Slowly brown the ground beef in a skillet using a wooden spoon or spatula to separate the beef into pea-sized pieces. Add the salt, chili powder and minced onion.

With a mixer or potato masher, beat the refried beans until smooth. Heat beans in small saucepan or in microwave.

Warm tortillas all at once in a covered container, or wrapped in moist towel in microwave. Heat on HIGH for 40 seconds or warm individually in skillet for 2 to 3 minutes per side.

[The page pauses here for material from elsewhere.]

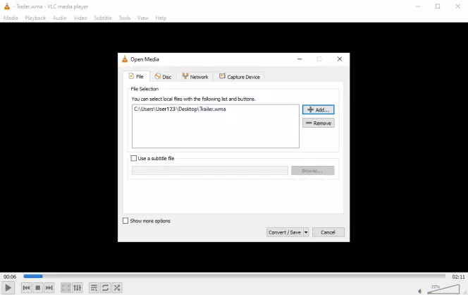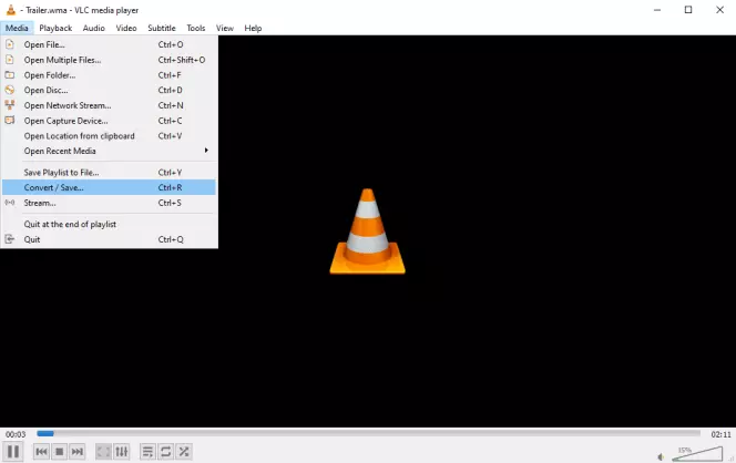 Choose Media > Convert / Save.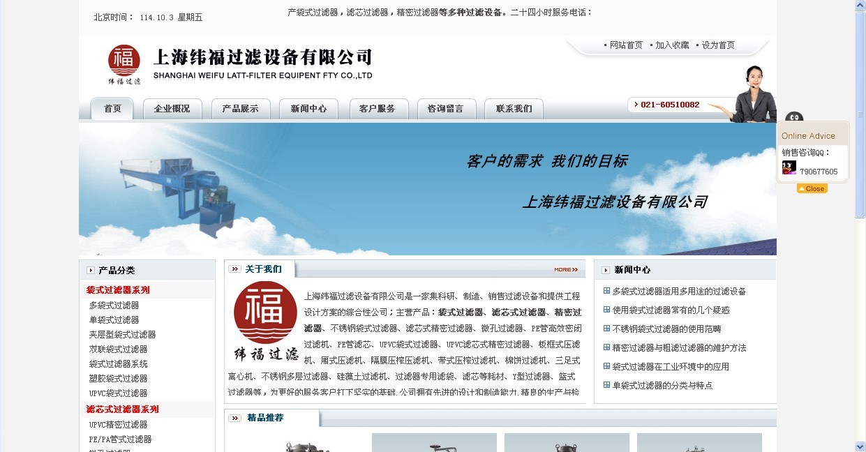3个工作日完工设计,客户选定网站样板,上海网站设计专家-润壤网络为纬福过滤设备网站局部修改调整并制作FLASH动画。整个网站白色底,天蓝色搭配,突出公司产品和公司文化。

Spoon 3 tablespoons of beef into the center of each tortilla. Sprinkle on 1/2 tsp diced fresh onion. Add 1/3 cup refried beans. Fold sides of each tortilla over the beans. Place the tortilla onto a plate. Spoon 3 Tbsp enchilada sauce over top of the tortilla. Sprinkle on 1/4 cup shredded cheese, and top with 3 olive slices.